* **WORK INSTRUCTIONS**
Copy each line of the data below exactly, leaving out pictures.

* **SUPPLIED DATA**
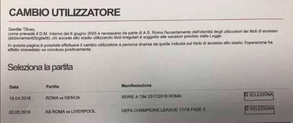 Infatti, il sito dei giallorossi ha messo in vendita i tagliandi per una gara del due maggio, cioè il ritorno della semifinale (che si giocherà prima ad Anfield n.d.r). I tagliandi acquistabili erano quelli della sfida Roma-Liverpool, prima ancora che si conoscesse il risultato del sorteggio.
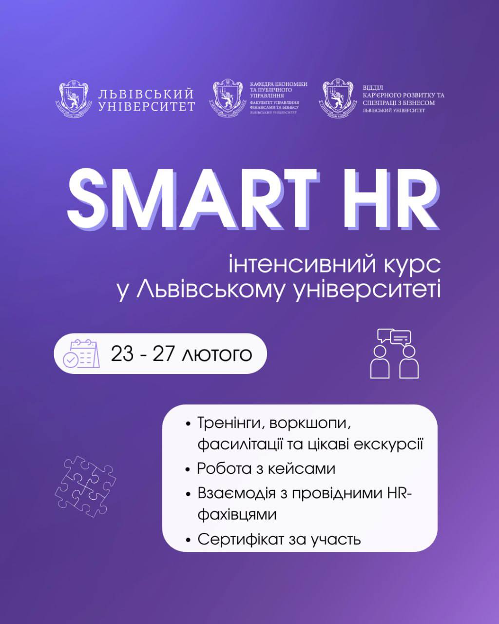 23–27 лютого у Львівському університеті відбудеться вже четвертий інтенсивний курс SMART HR. Організаторами курсу є Відділ кар’єрного розвитку та співпраці з бізнесом та Кафедра економіки та публічного управління Факультету управління фінансами та бізнесу. Співорганізатором курсу є Громадська рада при управлінні персоналом Львівської міської ради та Асоціація HRD міста Львова.
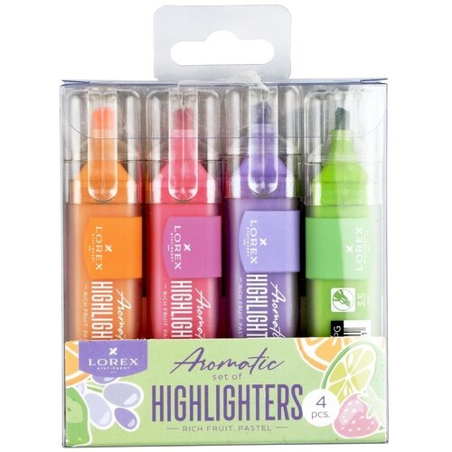Набор текстмаркеров LOREX RICH FRUIT, ароматизированные, 1-3,5 мм, скошенные, 4 цвета
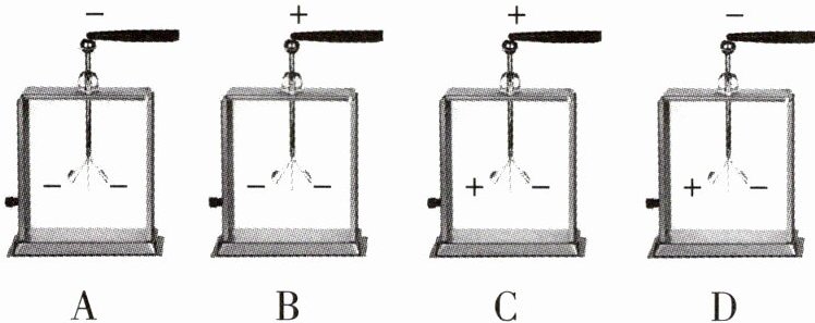 2 [2024 湖北中考]将毛皮摩擦过的橡胶棒接触验电器,能正确表示橡胶棒和验电器金属箔片带电情况的图是(

* **REPLY**
 Infatti, il sito dei giallorossi ha messo in vendita i tagliandi per una gara del due maggio, cioè il ritorno della semifinale (che si giocherà prima ad Anfield n.d.r). I tagliandi acquistabili erano quelli della sfida Roma-Liverpool, prima ancora che si conoscesse il risultato del sorteggio.
 23–27 лютого у Львівському університеті відбудеться вже четвертий інтенсивний курс SMART HR. Організаторами курсу є Відділ кар’єрного розвитку та співпраці з бізнесом та Кафедра економіки та публічного управління Факультету управління фінансами та бізнесу. Співорганізатором курсу є Громадська рада при управлінні персоналом Львівської міської ради та Асоціація HRD міста Львова.
Набор текстмаркеров LOREX RICH FRUIT, ароматизированные, 1-3,5 мм, скошенные, 4 цвета
 2 [2024 湖北中考]将毛皮摩擦过的橡胶棒接触验电器,能正确表示橡胶棒和验电器金属箔片带电情况的图是(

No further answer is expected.